First Language Acquisition Settings

Long ago the Danish linguist Otto Jespersen (1922: 40) noted the stark contrast between the almost universal and rather uniform success of children acquiring English as their mother tongue compared to the ‘defective and inexact command’ of the language often achieved by foreign language learners, whose success is also subject to tremendous individual variation. Children produce their first word at about the age of 12 months. By the age of about 18 months most children have an active vocabulary of perhaps 50 words, that is, words they can use, not just understand (Crystal 1986: 93; Saxton 2017: 156). By 24 months children have a command of several hundred words and by the age of six they can at least understand perhaps 10,000 words (Bloom and Markson 1998: 68) or even 14,000 words (Clark 1993: 13).
However, the key to acquiring a language is the acquisition of its syntax; in other words knowing how to combine words to form utterances. Otherwise all one can do is to name things. Although there is variation in the rate (speed) of acquisition of syntax, all children seem to follow more or less the same path (route) (Brown 1973: 272–275).

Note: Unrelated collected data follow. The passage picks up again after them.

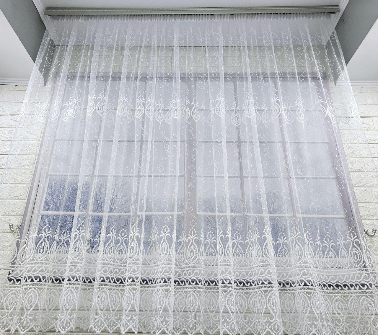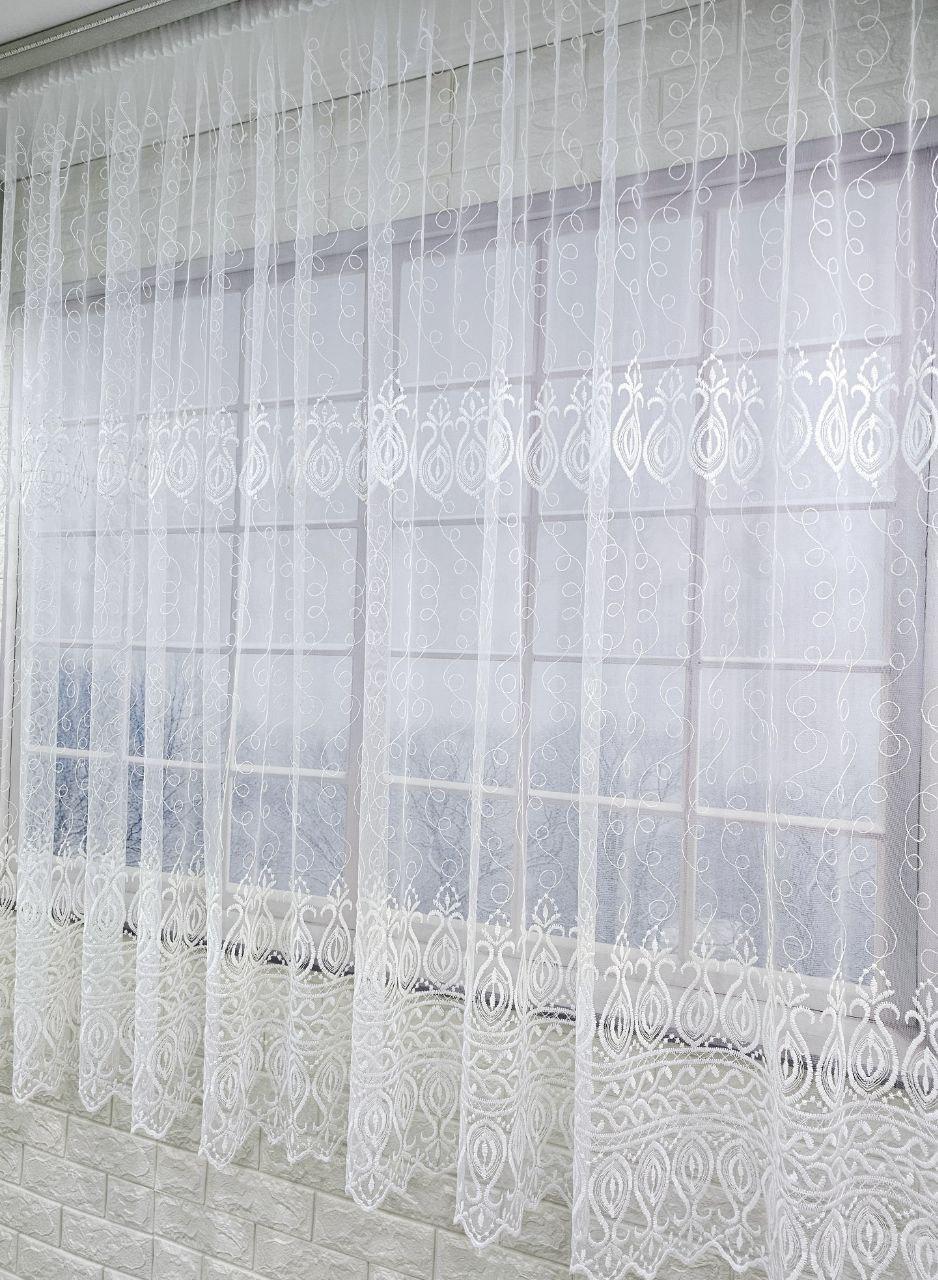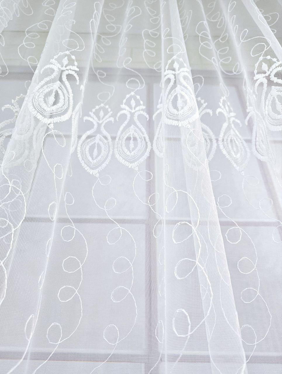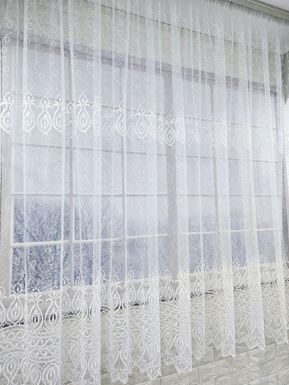 Готовий короткий тюль фатин з вишивкою, колір білий (2м*1,45м)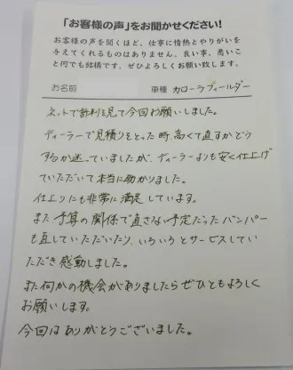 ディーラーで見積もりをとった時高くて直すかどうするか迷っていましたが、ディーラーよりも安く仕上げていただいて本当に助かりました。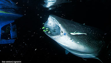 davanti un giovane di squalo balena di un paio di metri. Tutti gli altri,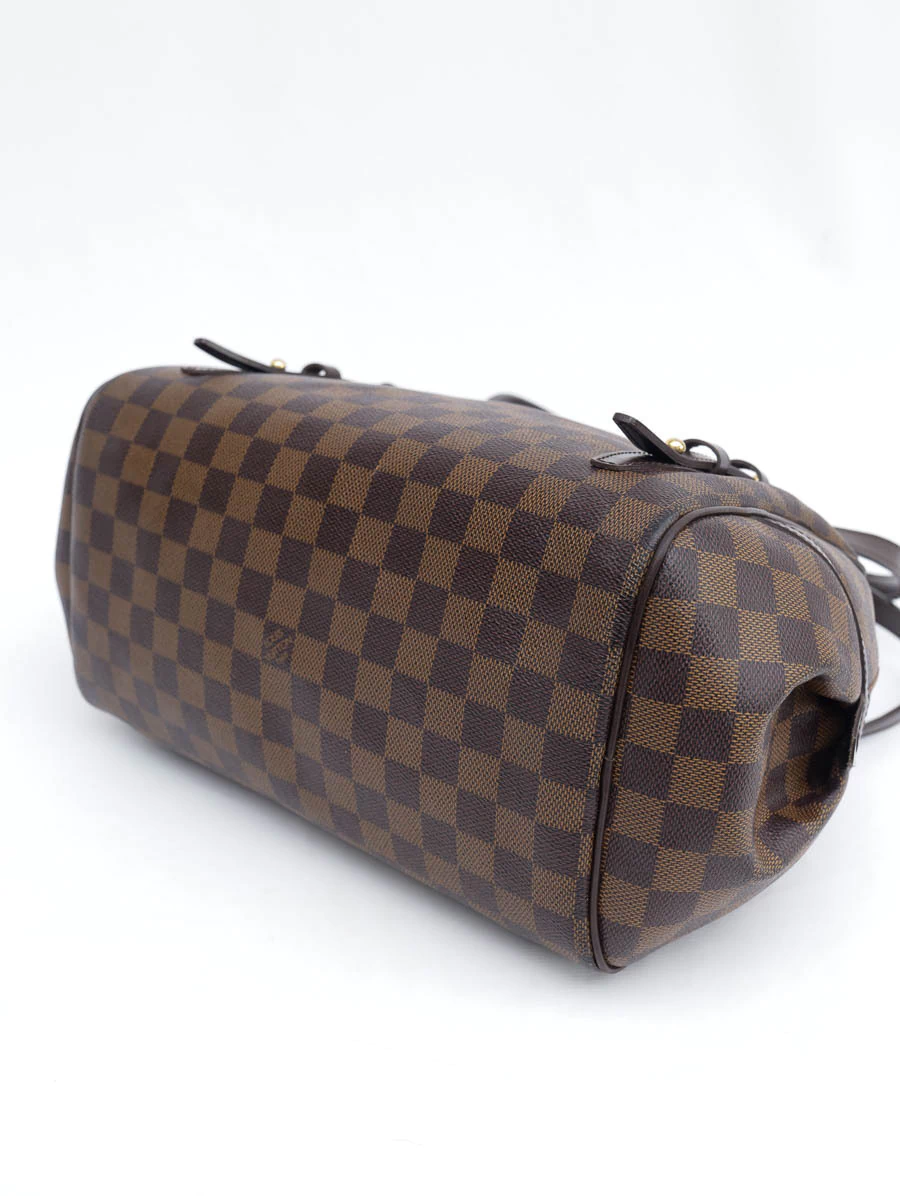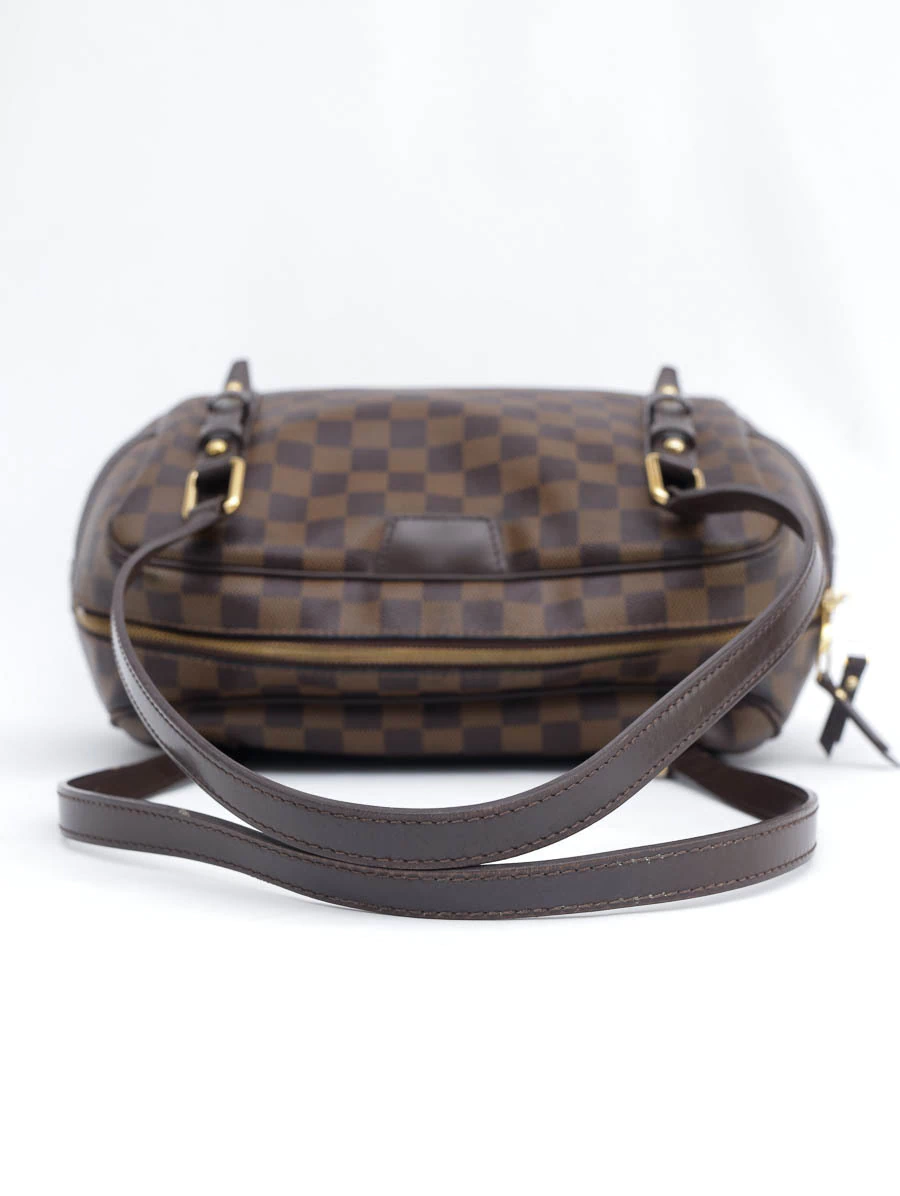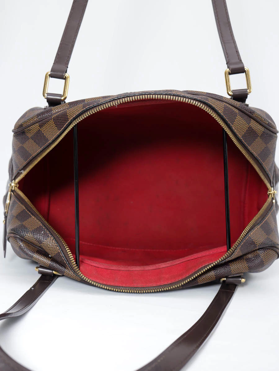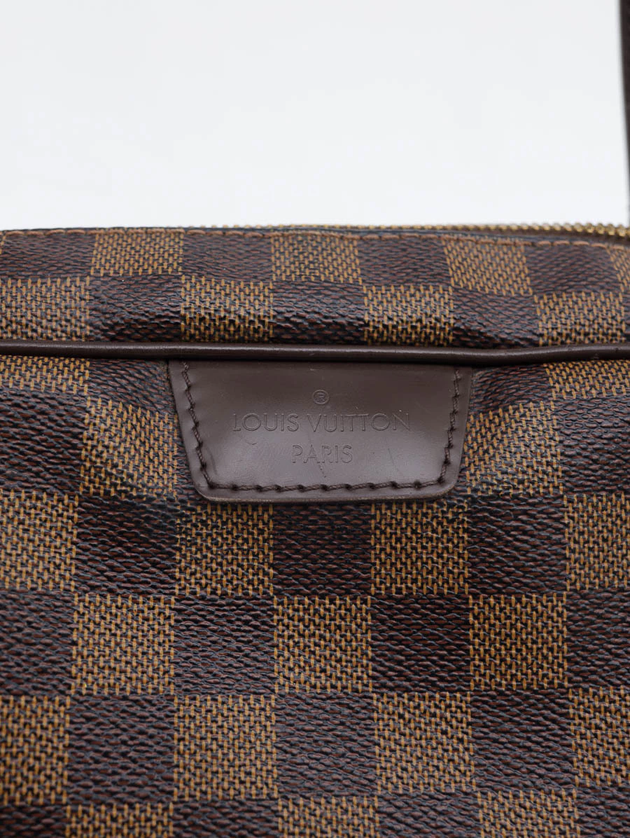 Bolsa Original Louis Vuitton produzida em canvas na estampa Damier Ébene e detalhes em couro marrom. Apresenta alças de ombro, abertura por zíper e compartimento único com um bolso interno aberto.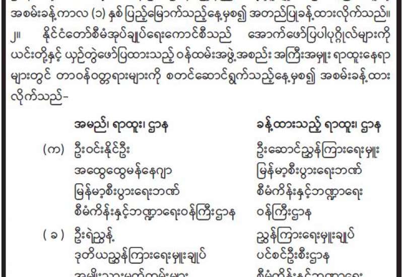 ၁။ COVID-19 ကပ်ရောဂါ ကူးစက်ပြန့်ပွားမှုကို ကာကွယ်ထိန်းချုပ်သည့် အစီအမံများအား ပိုမိုထိရောက်စွာ ဆောင်ရွက်နိုင်ရန်ရှေးရှုလျက် ပြည်ထောင်စုသမ္မတမြန်မာနိုင်ငံတော်၊ နိုင်ငံခြားရေး ဝန်ကြီးဌာနအနေဖြင့် ကမ္ဘာ့နိုင်ငံအသီးသီးမှ မြန်မာနိုင်ငံသို့ လာရောက်ကြမည့် ခရီးသွားများ အပေါ်ပြည်ဝင်ခွင့်ယာယီကန့်သတ်ချက်များအား ထုတ်ပြန်ထားခဲ့ပြီး၊ အဆိုပါကန့်သတ်ချက်များ အားလုံးကို ၃၁-၈-၂၀၂၁ ရက်နေ့အထိ ဆက်လက်တိုးမြှင့်သတ်မှတ်ကြောင်း ၃၀-၇-၂၀၂၁ ရက်စွဲပါကြေညာချက်ဖြင့် ထုတ်ပြန်ထားခဲ့ပြီးဖြစ်ပါသည်-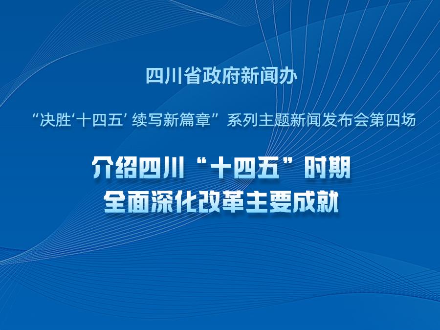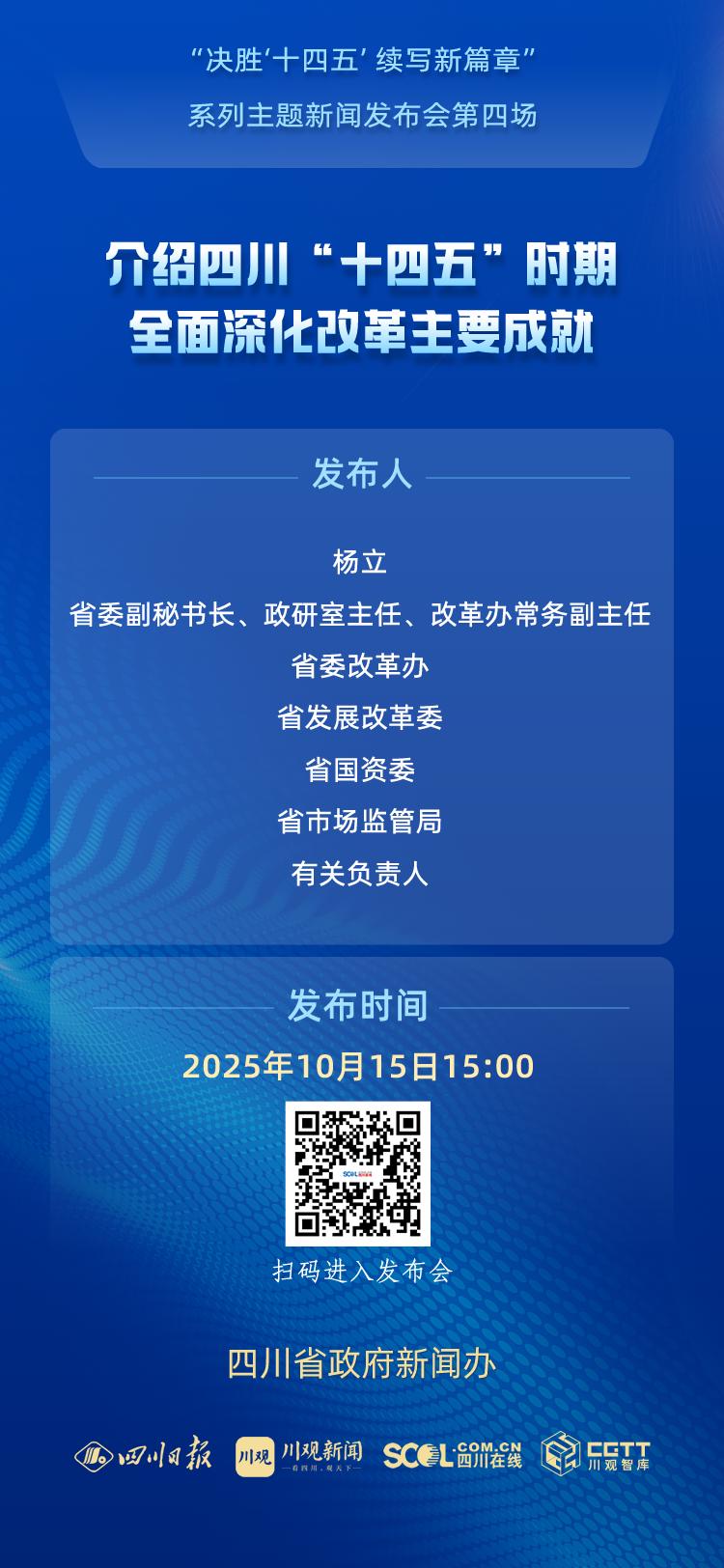 2025年10月15日(星期三)15:00,省政府新闻办将在四川新闻发布厅举行“决胜‘十四五’ 续写新篇章”系列主题新闻发布会第四场,省委副秘书长、政研室主任、改革办常务副主任杨立围绕四川“十四五”时期全面深化改革主要成就作介绍并答记者问,省委改革办、省发展改革委、省国资委、省市场监管局有关负责人参加答记者问。四川在线将全程图文直播,敬请关注!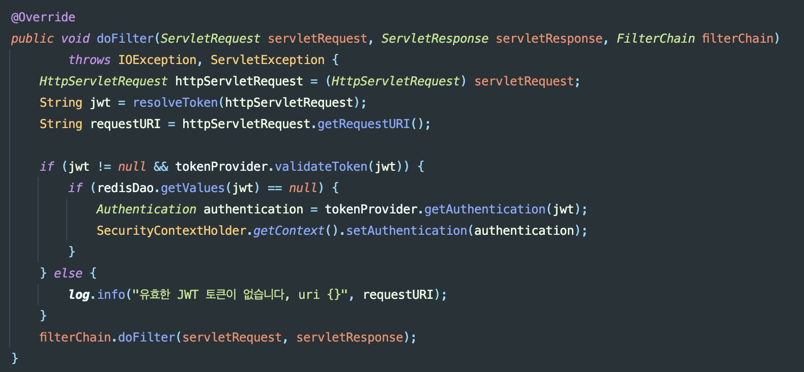 GenericFilterBean을 상속 받은 클래스에서 Override 받은 doFilter에서 추가적으로 구현해주었다. jwt가 정상적으로 헤더에 들어가 있을 경우에 redis에서 해당 토큰이 getValues를 통해 블랙리스트에 등록되어있는지 확인해주는 코드가 추가되었다. 토큰이 redis에 저장되어있는 경우는 블랙리스트이기 때문에 존재하지 않아야 정상적으로 로그인 정보를 등록할 것 이기 때문에 null 인 경우에만 정상적으로 SecurityContextHolder에 authentication을 등록해줄 것이다.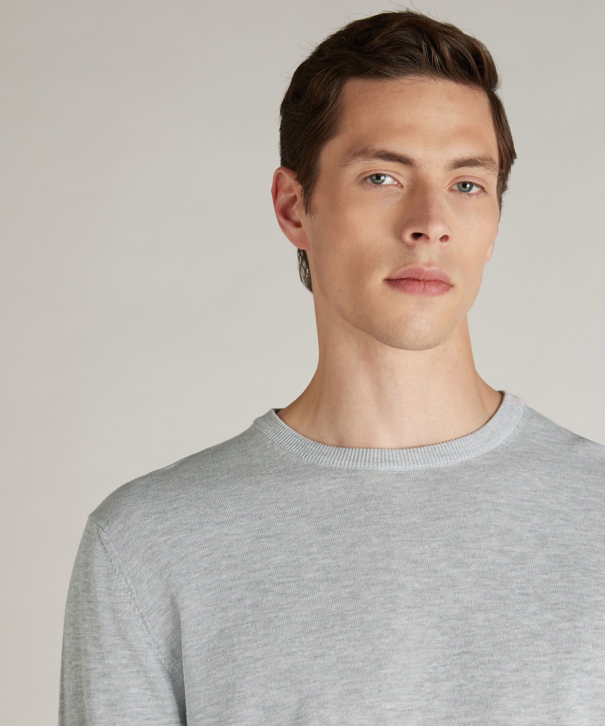 Slim-fit crew neck sweater in certified crêpe cotton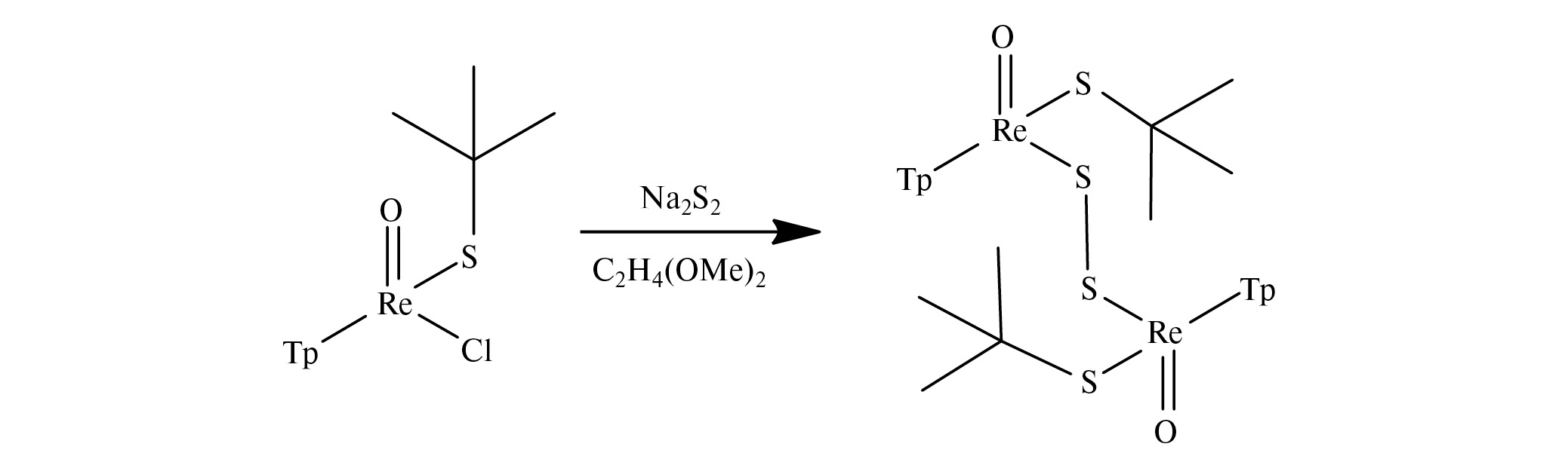 Комплекс I также может быть получен замещением хлоридного лиганда в TpReOCl(StBu) при действии дисульфид-аниона. Наилучший выход составил только 16% при проведении реакции c избытком Na2S2 в диметоксиэтане. При этом образуется также смесь неидентифицированных не растворимых в толуоле или CH2Cl2 продуктов, кристаллизация которых из диметилформамида с диэтиловым эфиром с добавкой хлорида тетрафенилфосфония позволяет выделить небольшое количество красно-оранжевых кристаллов с параметрами ячейки, близкими к [Ph4P][ReS4] [24]. Проведение реакции с более растворимым Li2S2 в тетрагидрофуране приводит к быстрому исчезновению исходного комплекса, но I образуется только в следовых количествах по данным ТСХ (схема 2).

The route remains the same because it is the relative complexity of individual structures which determines the order in which they are acquired regardless of individual differences in children and the exposure they receive to language. Clark and Clark (1977: 295) gave examples of typical utterances by children aged between 12 months and two years eight months. These range from one-word utterances (‘More’ at age 15 months), to two-word utterances (‘More read’ at age 20 months), to what is sometimes called ‘telegraphic speech’ (‘Where go car?’ at age two years one month) and finally to the production of simple sentences (‘What he can ride in?’, or even ‘I want to open it’ at age two years eight months). Some children are much quicker than others at moving through these stages, but, broadly speaking, one-year-olds start with single words and before they are two years old have progressed to two-word utterances. Telegraphic speech, marked by reduced syntax, is characteristic of two-year-olds and by the time they are three, children will be producing simple sentences, some of which may be fully acceptable in the adult language although others such as ‘What he can ride in?’ will still be grammatically deviant (Clark and Clark 1977; Crystal 1986; Saxton 2017).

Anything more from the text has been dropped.